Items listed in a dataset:
+---+
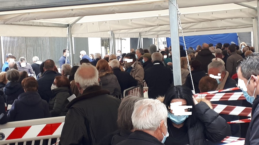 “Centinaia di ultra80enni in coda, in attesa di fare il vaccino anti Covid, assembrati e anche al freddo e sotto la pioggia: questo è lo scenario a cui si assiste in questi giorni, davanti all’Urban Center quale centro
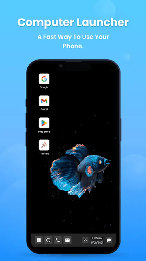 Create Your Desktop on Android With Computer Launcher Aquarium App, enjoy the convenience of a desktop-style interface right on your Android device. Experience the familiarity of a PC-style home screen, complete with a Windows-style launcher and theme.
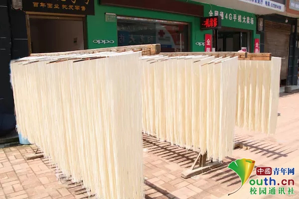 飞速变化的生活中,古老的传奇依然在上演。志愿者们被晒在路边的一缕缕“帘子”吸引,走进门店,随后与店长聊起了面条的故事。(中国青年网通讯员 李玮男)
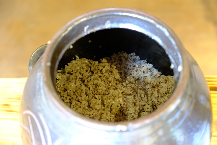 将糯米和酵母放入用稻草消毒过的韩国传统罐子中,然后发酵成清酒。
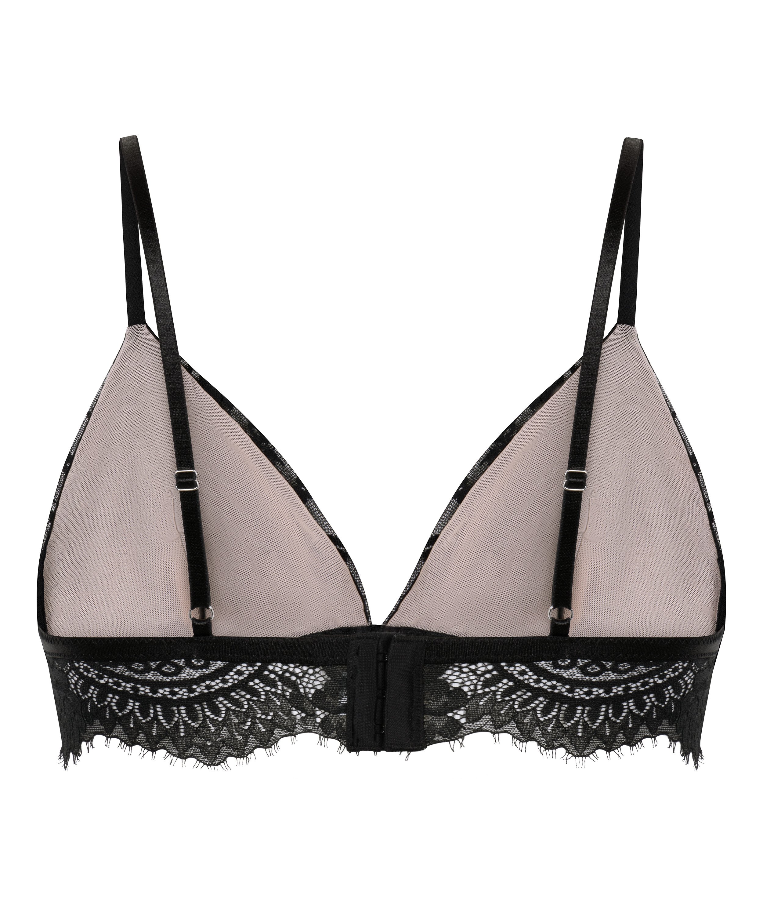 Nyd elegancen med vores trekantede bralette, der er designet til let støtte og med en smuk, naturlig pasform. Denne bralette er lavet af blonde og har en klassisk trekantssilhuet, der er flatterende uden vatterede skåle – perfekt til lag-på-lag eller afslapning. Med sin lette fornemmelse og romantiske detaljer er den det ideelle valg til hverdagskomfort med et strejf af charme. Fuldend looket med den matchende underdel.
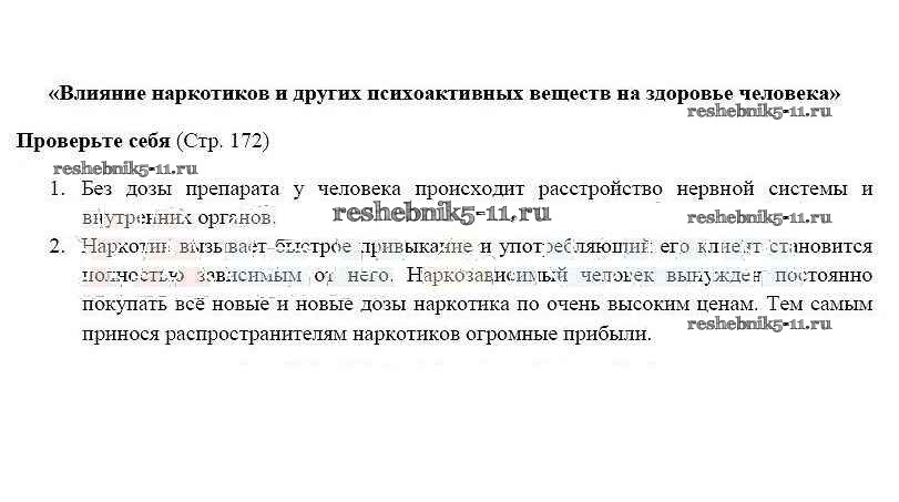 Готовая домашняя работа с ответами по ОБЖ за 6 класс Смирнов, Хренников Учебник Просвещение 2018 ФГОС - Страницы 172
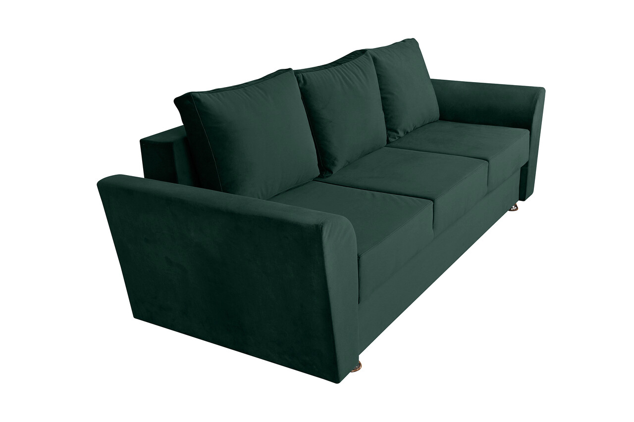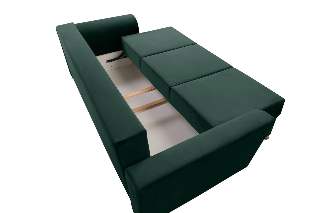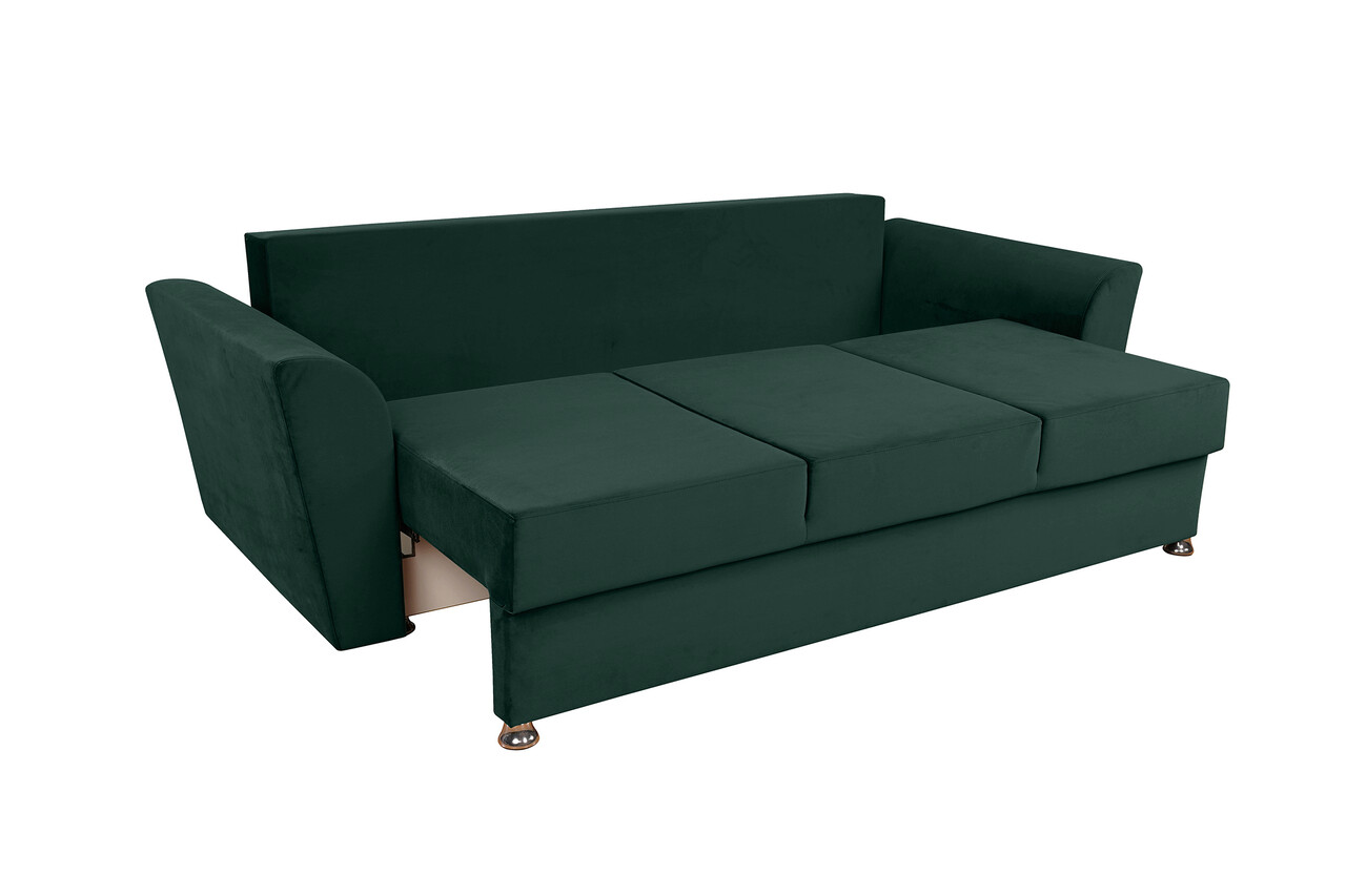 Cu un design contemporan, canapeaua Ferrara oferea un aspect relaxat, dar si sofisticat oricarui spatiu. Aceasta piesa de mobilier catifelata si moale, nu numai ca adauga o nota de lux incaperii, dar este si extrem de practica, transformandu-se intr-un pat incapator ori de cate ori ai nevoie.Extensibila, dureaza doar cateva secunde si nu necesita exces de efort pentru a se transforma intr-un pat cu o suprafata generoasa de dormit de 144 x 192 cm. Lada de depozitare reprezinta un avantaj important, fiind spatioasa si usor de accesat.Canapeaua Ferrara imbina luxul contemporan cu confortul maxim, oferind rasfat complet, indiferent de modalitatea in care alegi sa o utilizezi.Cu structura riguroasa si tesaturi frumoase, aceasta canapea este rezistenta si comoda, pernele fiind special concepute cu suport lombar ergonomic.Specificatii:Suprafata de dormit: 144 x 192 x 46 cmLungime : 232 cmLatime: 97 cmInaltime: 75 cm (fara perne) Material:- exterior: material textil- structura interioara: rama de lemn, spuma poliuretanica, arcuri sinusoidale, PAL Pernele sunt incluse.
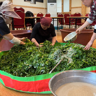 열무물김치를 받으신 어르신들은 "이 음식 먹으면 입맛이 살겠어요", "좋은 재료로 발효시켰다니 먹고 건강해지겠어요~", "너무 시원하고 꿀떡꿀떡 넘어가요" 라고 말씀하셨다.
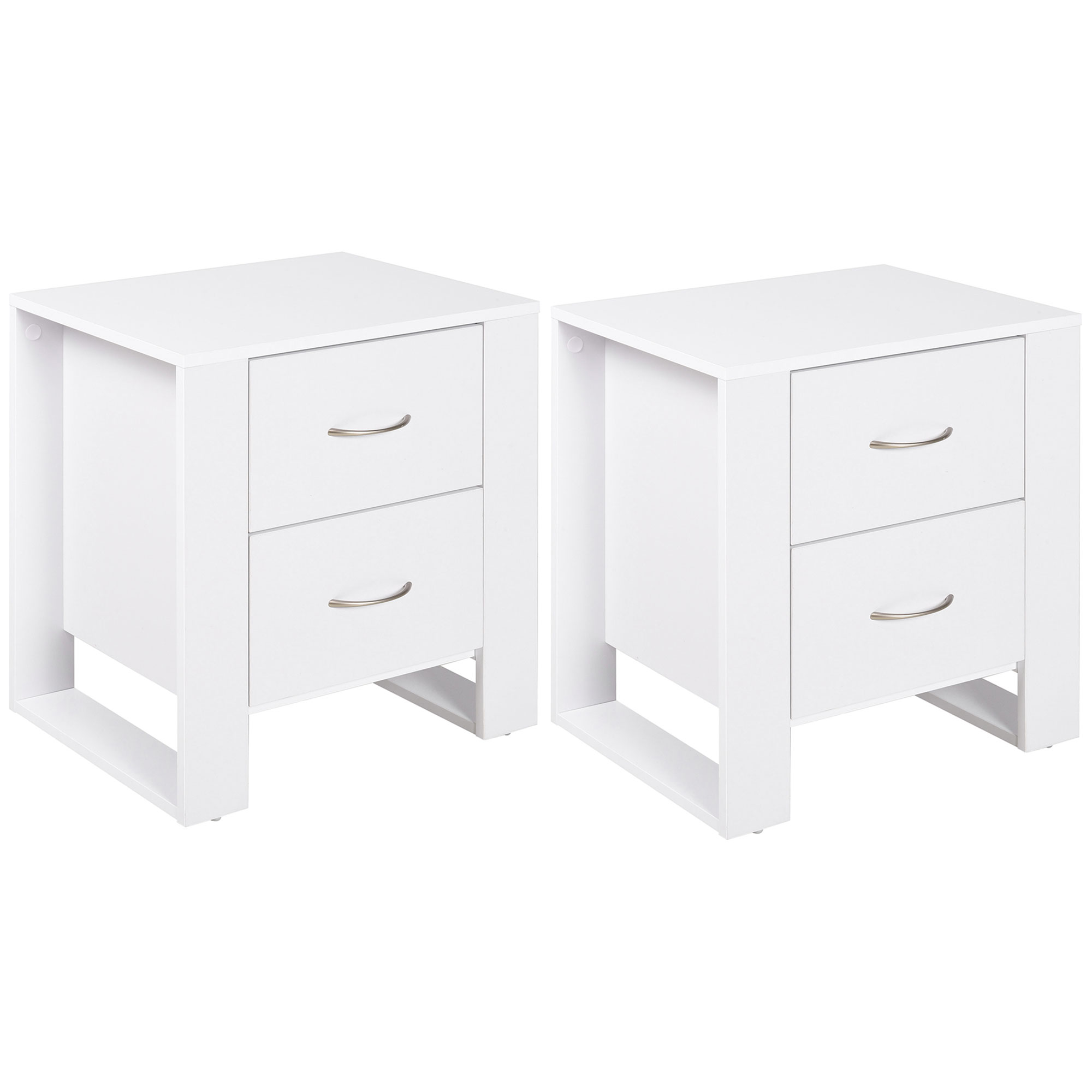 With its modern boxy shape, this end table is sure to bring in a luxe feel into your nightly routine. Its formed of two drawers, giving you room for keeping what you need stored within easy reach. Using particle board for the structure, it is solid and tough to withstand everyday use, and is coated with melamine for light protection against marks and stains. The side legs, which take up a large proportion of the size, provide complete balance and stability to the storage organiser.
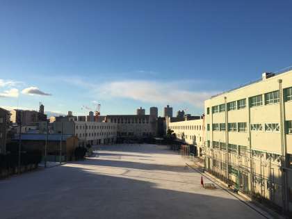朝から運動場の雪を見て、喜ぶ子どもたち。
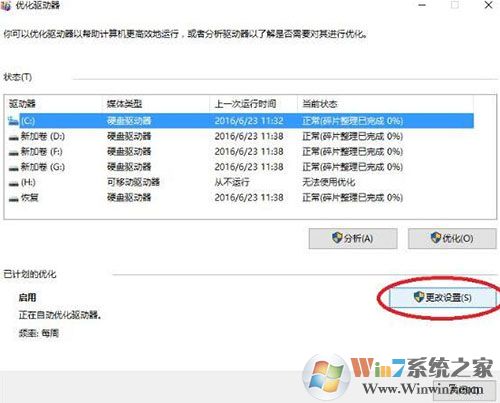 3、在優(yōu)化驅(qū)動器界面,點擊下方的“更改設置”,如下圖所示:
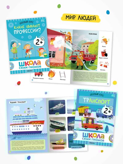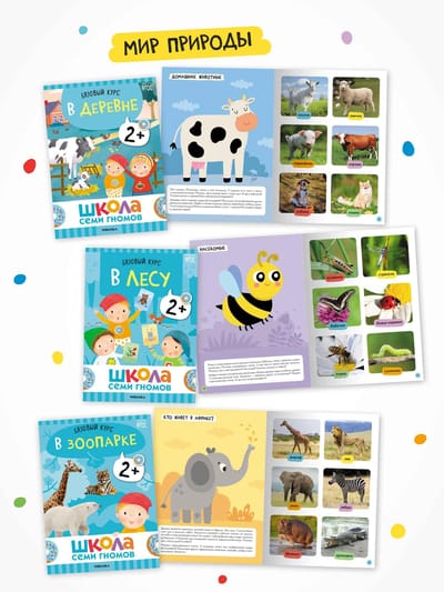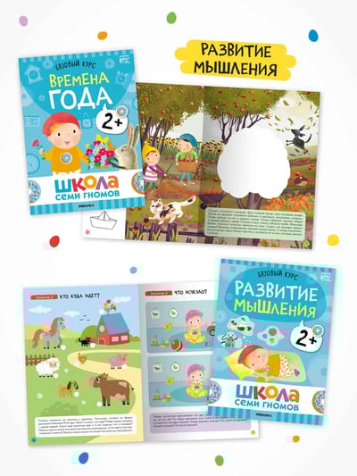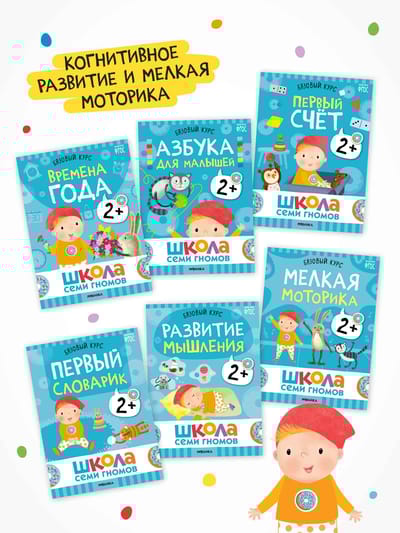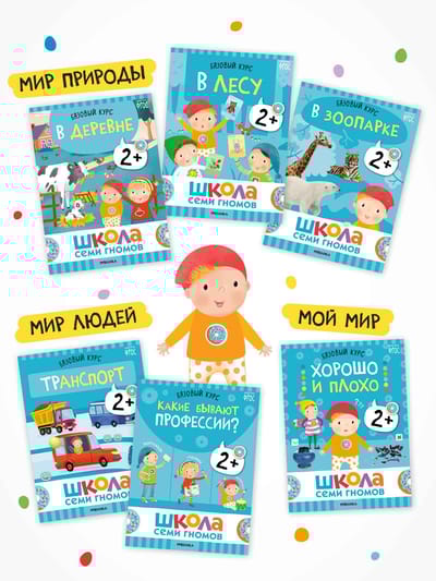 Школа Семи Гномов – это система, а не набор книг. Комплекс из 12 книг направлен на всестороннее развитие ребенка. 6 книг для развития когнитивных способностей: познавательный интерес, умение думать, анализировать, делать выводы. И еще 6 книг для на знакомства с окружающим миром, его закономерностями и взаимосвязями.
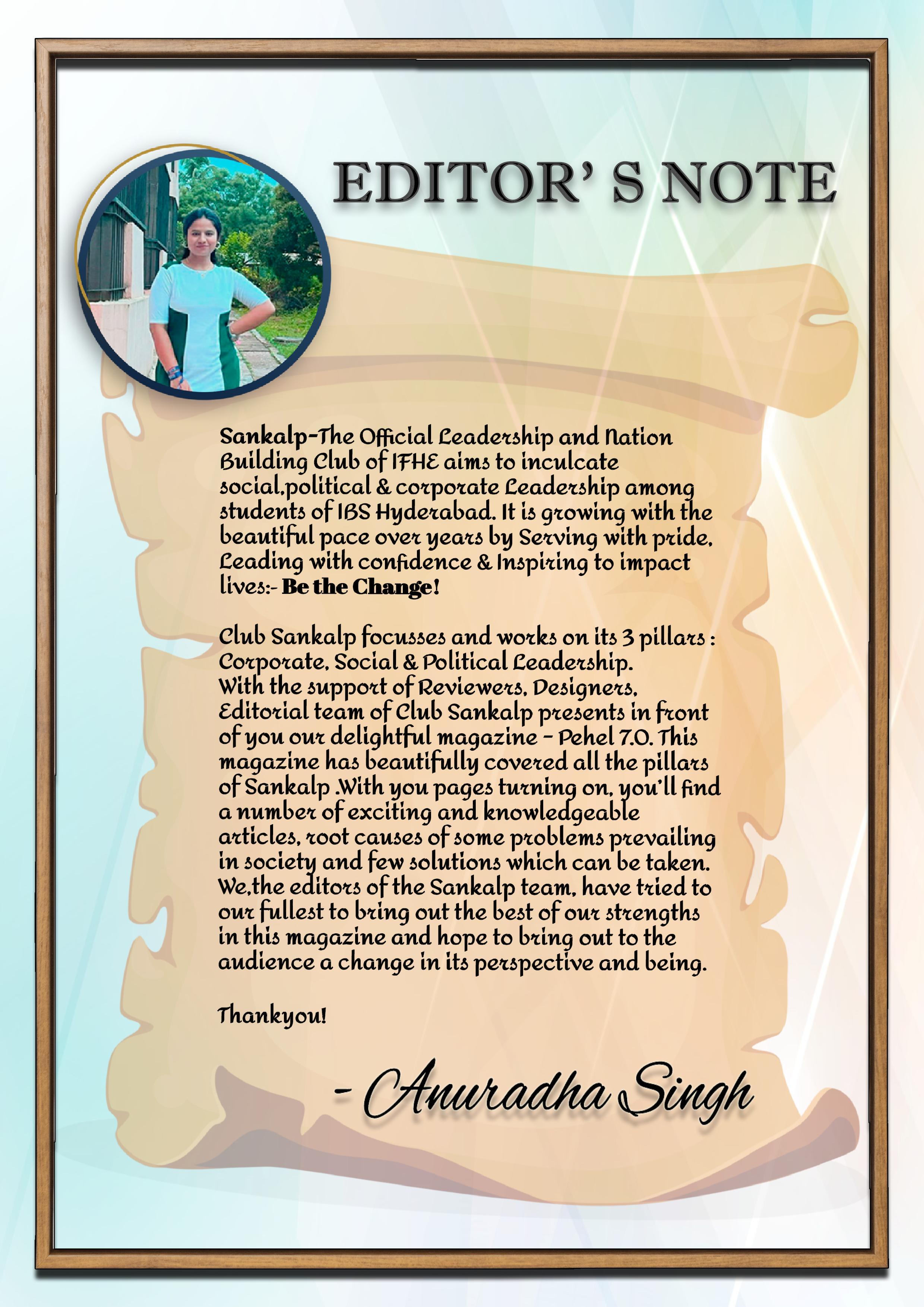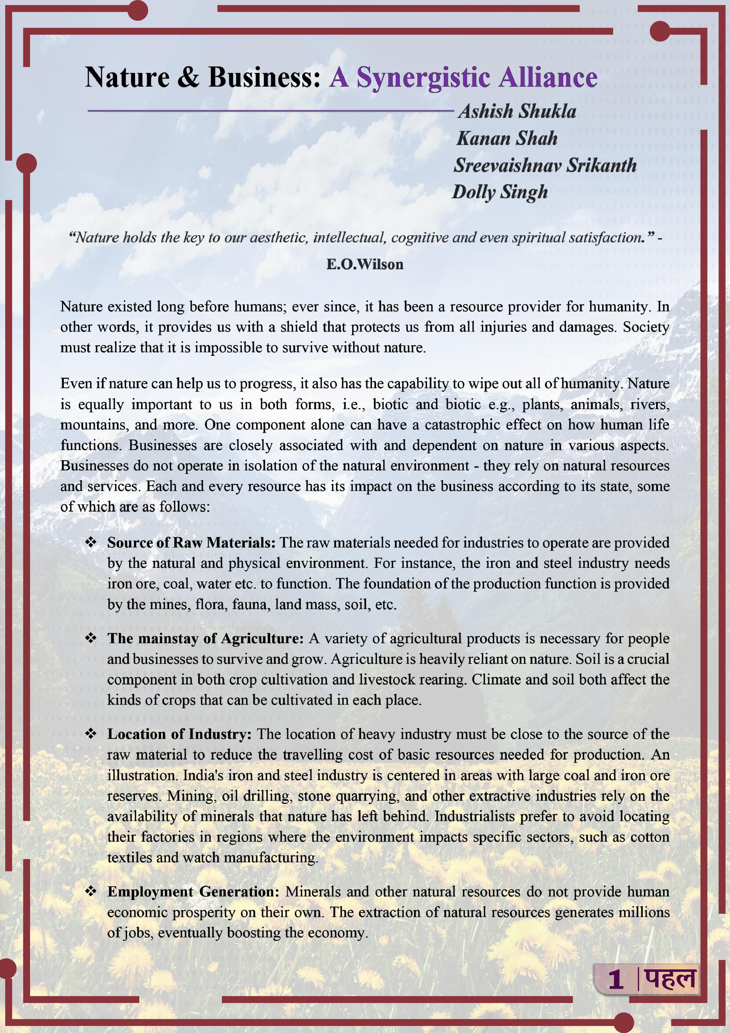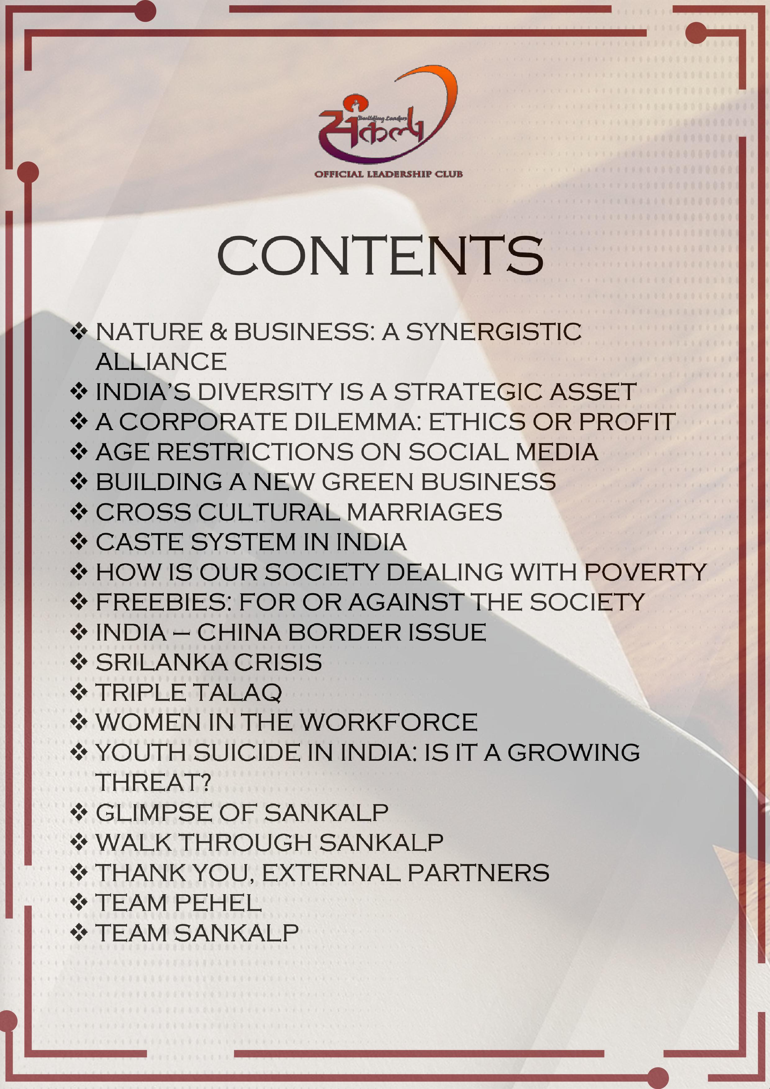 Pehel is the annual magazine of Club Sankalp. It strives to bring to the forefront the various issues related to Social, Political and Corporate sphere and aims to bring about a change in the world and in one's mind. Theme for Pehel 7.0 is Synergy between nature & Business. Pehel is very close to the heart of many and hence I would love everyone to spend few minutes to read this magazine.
+---+
ACTION ITEM: At the line containing "Школа Семи Гномов", begin reproducing the entries word for word, and continue through their last line. Leave out the pictures.

ANSWER TO THIS EXERCISE:
 Школа Семи Гномов – это система, а не набор книг. Комплекс из 12 книг направлен на всестороннее развитие ребенка. 6 книг для развития когнитивных способностей: познавательный интерес, умение думать, анализировать, делать выводы. И еще 6 книг для на знакомства с окружающим миром, его закономерностями и взаимосвязями.
 Pehel is the annual magazine of Club Sankalp. It strives to bring to the forefront the various issues related to Social, Political and Corporate sphere and aims to bring about a change in the world and in one's mind. Theme for Pehel 7.0 is Synergy between nature & Business. Pehel is very close to the heart of many and hence I would love everyone to spend few minutes to read this magazine.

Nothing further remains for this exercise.